The problem involved with the known electrical contact materials consists in that they are sometimes considered not to have a sufficient electrical conductivity and low contact resistance as well as sufficient arc-proof and welding-proof characteristics, which are the essential characteristics for an electrical contact material to be used for breakers or switches such as a vacuum interrupter.
It is therefore the object of the invention to provide an electrical contact material having a good electrical conductivity, a low contact resistance as well as good arc-proof and welding-proof characteristics and a method for forming such an electrical contact material.
This object is essentially solved in that in the electrical contact material described in the preamble of claim 1 the first material is copper and the second material is chromium and the chromium particles have a mean particle diameter of 2 to 20 µm.
It has been found that an electrical contact material with an excellent electrical conductivity and a low contact resistance having good arc-proof and welding-proof characteristics can be obtained by choosing the material combination of copper and chromium and by further choosing a particle size for the chromium content in the range of 2 to 20 µm.
The method for forming such an electrical conduct material is characterized in that the first metal copper is used and as the second metal chromium is used, melting of the mixture of copper and chromium is accomplished in an atmosphere of inert gas to reduce an oxygen content of said mixture to a level of less than 1000 ppm, the molten alloy of copper and chromium is atomized into an alloy powder in which the mean diameter of chromium is less than or equal to 5 µm and the alloy powder is sintered into a matrix of copper including chromium particles having a level of 2 to 20 µm, while maintaining homogenous dispersion thereof in said sintered matrix.
The atomizing may be accomplished by gas atomization. The gas may be inert gas selected from the group consisting of argon and nitrogen. Alternatively, the atomizing can be accomplished by water atomization.
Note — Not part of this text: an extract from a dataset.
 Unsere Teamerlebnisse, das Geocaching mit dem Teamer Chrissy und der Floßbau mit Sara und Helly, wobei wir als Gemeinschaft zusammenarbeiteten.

BRIEF DESCRIPTION OF THE DRAWINGS

The present invention will be understood more fully from the detailed description given herebelow and from the accompanying drawings of the preferred embodiments of the invention. However, the drawings are not intended to imply limitation of the invention to a specific embodiment, but are for explanation and understanding only.
In the drawings:

Fig. 1(a) and 1(b) are microphotographs showing metallic structure of Cu-Cr alloys of the present invention;
Fig. 2 is a graph showing relationships between Cr amount and both of contact resistance ratio and weld resist current;
Fig. 3 is a microphotograph showing the metallic structure of an electrical contact material formed of Cu-10wt%Cr according to the present invention;
Fig. 4 is a graph showing a relationship between mean Cr particle diameter and a breaking-current of the alloys;
Fig. 5 is a graph showing a relationship between mean Cr particle diameter and contact resistance of the alloys;
Fig. 6 is a graph showing a relationship between mean Cr particle diameter and welding force of the alloys;
Fig. 7 is a graph showing a relationship between mean Cr particle diameter and a thickness of a molten layer;
Fig. 8 is a graph showing a relationship between mean Cr particle diameter and an increase rate of contact resistance after current breaking.
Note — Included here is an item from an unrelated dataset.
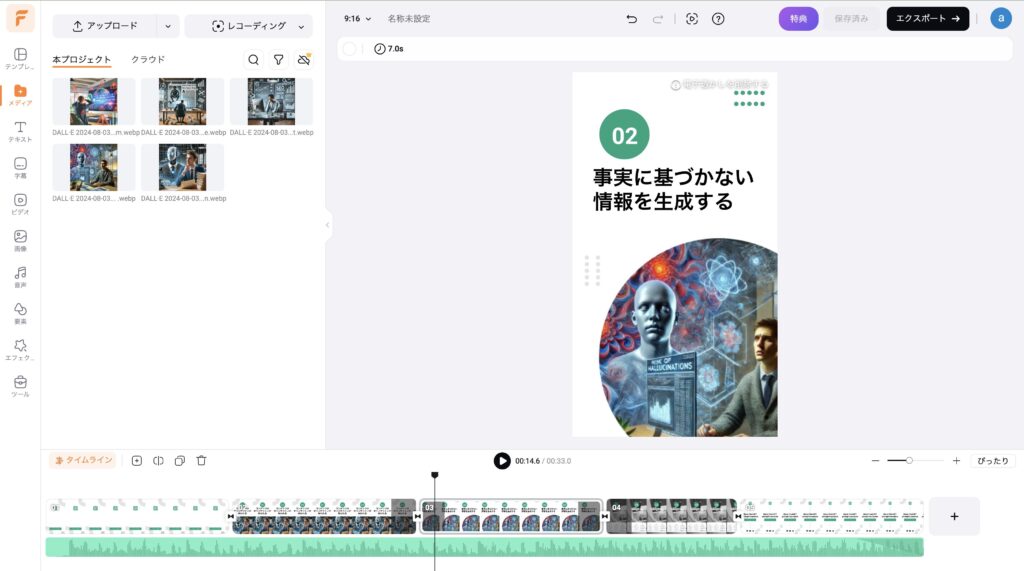 テキスト読み上げなどを行う際は、画面左下のツールから[AIテキスト読み上げ]を選びます。

DESCRIPTION OF THE PREFERRED EMBODIMENT

According to the aspect of the present invention, an atomization technique is utilized for disintegrating mixture of alloy elements into fine alloyed powder in place of using a mechanical milling technique.
Mixture of Cu-Cr is melted to obtain a molten alloy. The obtained molten alloy is disintegrated into fine particles by atomization with rapidly solidifying. Cr content included in the mixture is determined so as to be dispersed in a Cu matrix at a boundary area that the Cu-Cr alloy is separated into a Cu phase and a Cr phase in the process of melting. From conventional phase diagram of Cu-Cr alloy, it is clear that if the Cr content exceed 37 wt%, the molten alloy is composed of a Cu matrix in which Cr dispersed and a Cr matrix in which Cu dispersed, particularly, if the Cr content exceeds 93 wt%, Cu dispersed in a Cr matrix. Therefore, the Cr content is determined less than or equal to 37 wt%, more preferable, determined in the range of 0.1 to 37 wt%. The mixture of Cu-Cr is prepared from Cu and Cr having low oxygen content therein to reduce oxygen content in the molten alloy. Furthermore, in order to further reduce oxygen content in the molten alloy, the mixture is deoxidized by melting in atmosphere of inert gas, such as Ar, or melting in vacuum. Thus, oxygen content in the molten alloy is reduced to less than 1000 ppm. Contamination by inevitable impurities, such as Fe or Ni, is allowable. For atomization of the molten alloy, gas atomization under high pressure using inert gas, such as Ar or N₂ , or water atomization are suitable for disintegrating the molten alloy into fine particle.

EXAMPLE 1

Alloyed powder was prepared by the aforementioned gas atomization. A mixture of Cu-Cr was melted in atmosphere of argon gas or in a vacuum to obtain a molten alloy. Then, the molten alloy was atomized using argon gas under the pressure of 60 kgf/cm² (5.89 MPa) or 70 kgf/cm² (6.87 MPa). Table 1 indicates the obtained alloyed powder having various components when the Cr : Cu ratio, and melting conditions, i.e., atmosphere and temperature were varied.
As shown in the Table 1, particle sizes of the obtained Cu-Cr powder are all less than 150 µ m. Fine particles of Cr are distributed uniformly in the Cu matrix as shown in Figs. 1(a) and 1(b). The mean particle sizes of Cr in the alloyed powder are all less than 5 µ m. Initial Cu-Cr weight ratio of the mixture is maintained in the obtained alloyed powder. Oxygen content in the powder can be reduced to less than 1000 ppm.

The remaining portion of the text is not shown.